(EXERCISE GOAL)
Set down nothing but the lines from the one containing "当センターは東京都足立区北千" to the final line of the material, exactly as written, and drop the pictures.

(DATASET CONTENT)
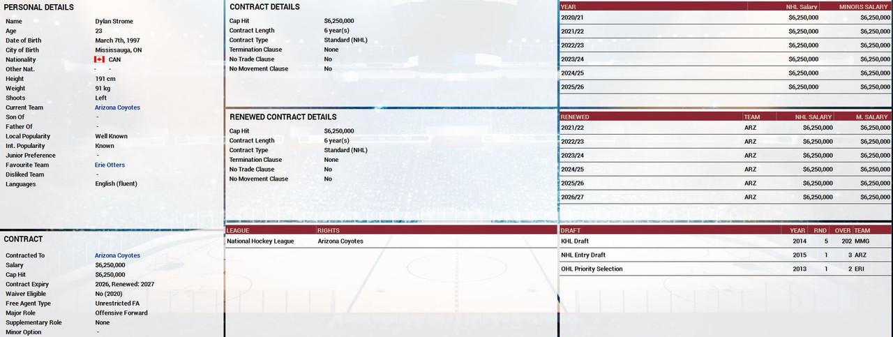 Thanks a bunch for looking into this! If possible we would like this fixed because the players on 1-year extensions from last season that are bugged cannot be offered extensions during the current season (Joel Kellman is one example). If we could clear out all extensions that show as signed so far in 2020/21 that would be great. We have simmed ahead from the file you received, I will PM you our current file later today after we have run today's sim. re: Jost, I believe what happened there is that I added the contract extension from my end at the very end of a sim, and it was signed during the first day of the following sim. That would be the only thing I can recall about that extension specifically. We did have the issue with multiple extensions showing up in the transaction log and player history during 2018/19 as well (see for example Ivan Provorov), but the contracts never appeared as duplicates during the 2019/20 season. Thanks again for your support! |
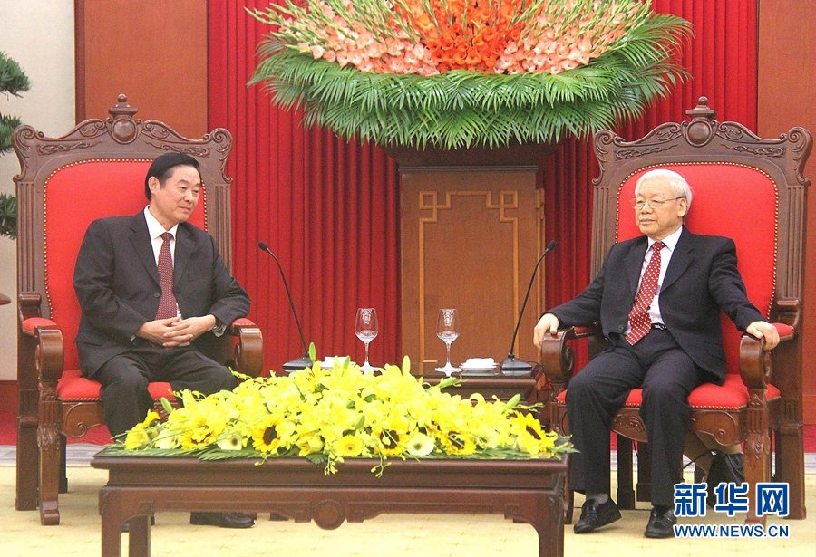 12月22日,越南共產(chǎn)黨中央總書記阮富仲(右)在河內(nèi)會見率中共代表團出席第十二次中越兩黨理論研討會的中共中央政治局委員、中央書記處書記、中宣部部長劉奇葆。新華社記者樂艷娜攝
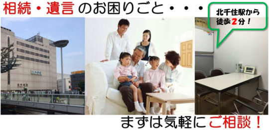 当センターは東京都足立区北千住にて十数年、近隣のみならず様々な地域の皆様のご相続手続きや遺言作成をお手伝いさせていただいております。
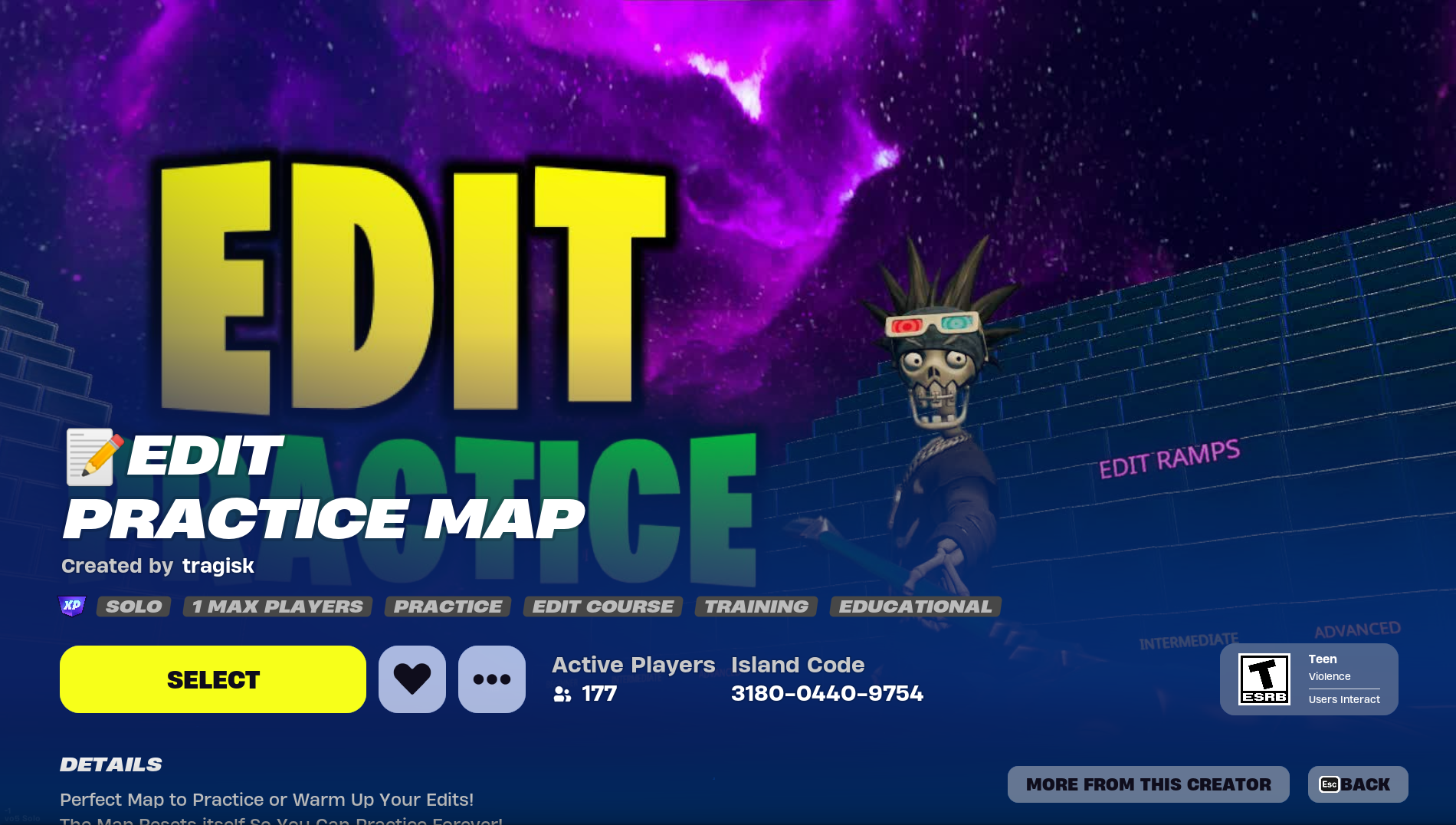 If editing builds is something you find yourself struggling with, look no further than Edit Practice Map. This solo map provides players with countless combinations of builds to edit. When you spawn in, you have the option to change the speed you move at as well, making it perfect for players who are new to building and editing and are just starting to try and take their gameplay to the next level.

(RESULT OF THIS TASK)
 当センターは東京都足立区北千住にて十数年、近隣のみならず様々な地域の皆様のご相続手続きや遺言作成をお手伝いさせていただいております。
 If editing builds is something you find yourself struggling with, look no further than Edit Practice Map. This solo map provides players with countless combinations of builds to edit. When you spawn in, you have the option to change the speed you move at as well, making it perfect for players who are new to building and editing and are just starting to try and take their gameplay to the next level.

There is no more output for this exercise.